* [Collected data entries]
======

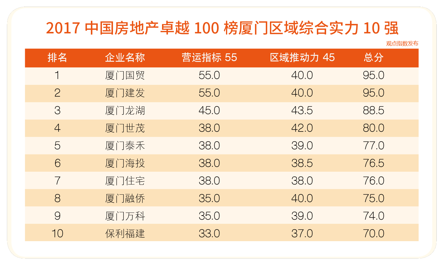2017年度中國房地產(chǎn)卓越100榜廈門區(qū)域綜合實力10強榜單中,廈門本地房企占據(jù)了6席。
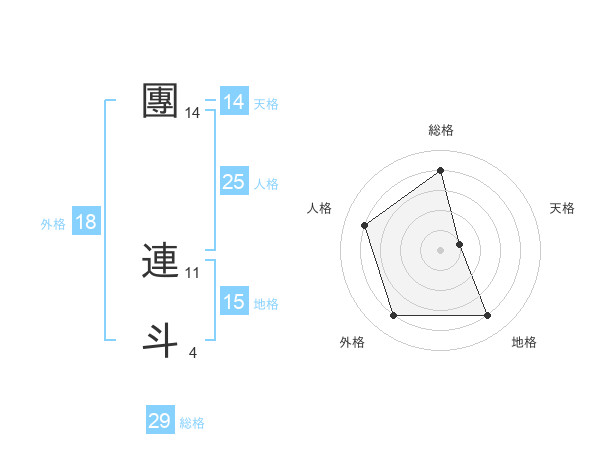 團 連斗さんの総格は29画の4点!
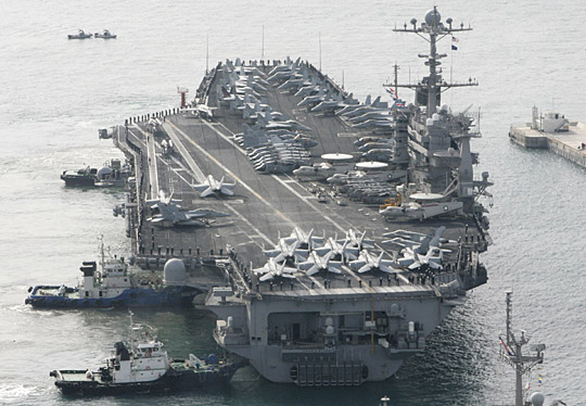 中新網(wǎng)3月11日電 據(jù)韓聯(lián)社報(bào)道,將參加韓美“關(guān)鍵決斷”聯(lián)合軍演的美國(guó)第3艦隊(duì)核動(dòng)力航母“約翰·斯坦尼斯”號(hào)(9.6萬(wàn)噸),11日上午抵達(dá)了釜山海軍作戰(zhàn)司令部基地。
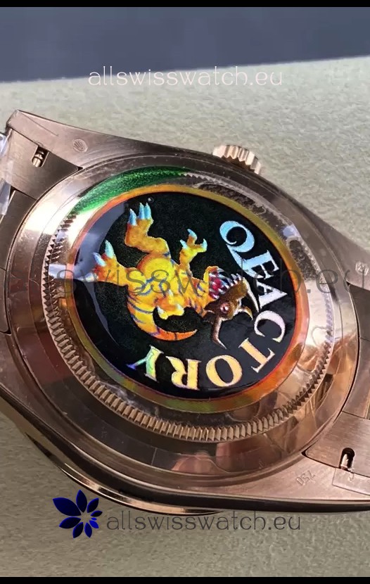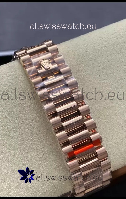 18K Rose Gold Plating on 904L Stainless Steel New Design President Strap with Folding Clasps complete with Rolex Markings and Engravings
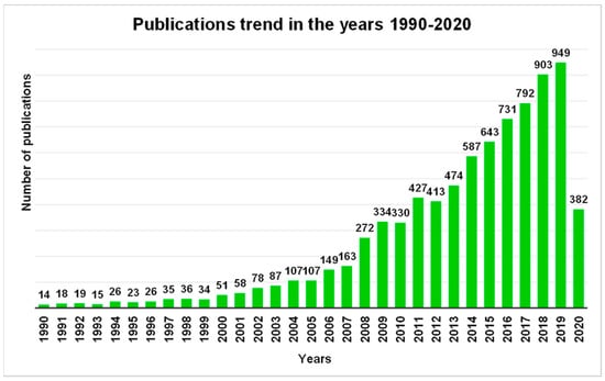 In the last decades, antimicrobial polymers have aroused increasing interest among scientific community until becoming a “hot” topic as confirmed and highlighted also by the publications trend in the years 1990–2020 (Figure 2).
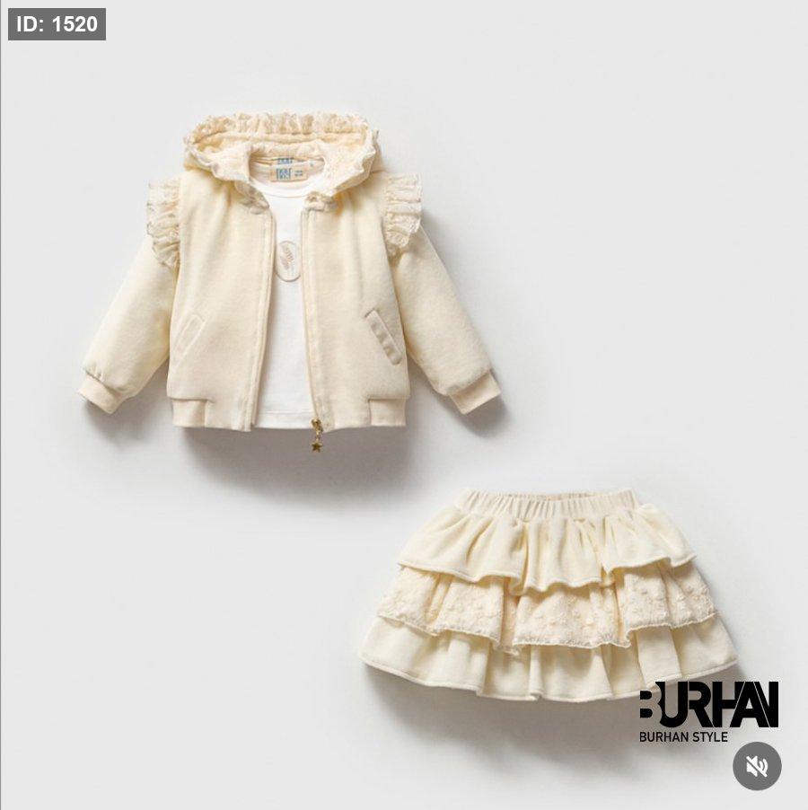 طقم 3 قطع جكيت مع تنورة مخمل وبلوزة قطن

======

* [Exercise aim]
Reproduce the records above exactly, but only from the line with "團 連斗さんの総格は29画の4点!" up to and including the line with "18K Rose Gold". Leave the pictures out.

* [Answer to this problem]
 團 連斗さんの総格は29画の4点!
 中新網(wǎng)3月11日電 據(jù)韓聯(lián)社報(bào)道,將參加韓美“關(guān)鍵決斷”聯(lián)合軍演的美國(guó)第3艦隊(duì)核動(dòng)力航母“約翰·斯坦尼斯”號(hào)(9.6萬(wàn)噸),11日上午抵達(dá)了釜山海軍作戰(zhàn)司令部基地。
 18K Rose Gold Plating on 904L Stainless Steel New Design President Strap with Folding Clasps complete with Rolex Markings and Engravings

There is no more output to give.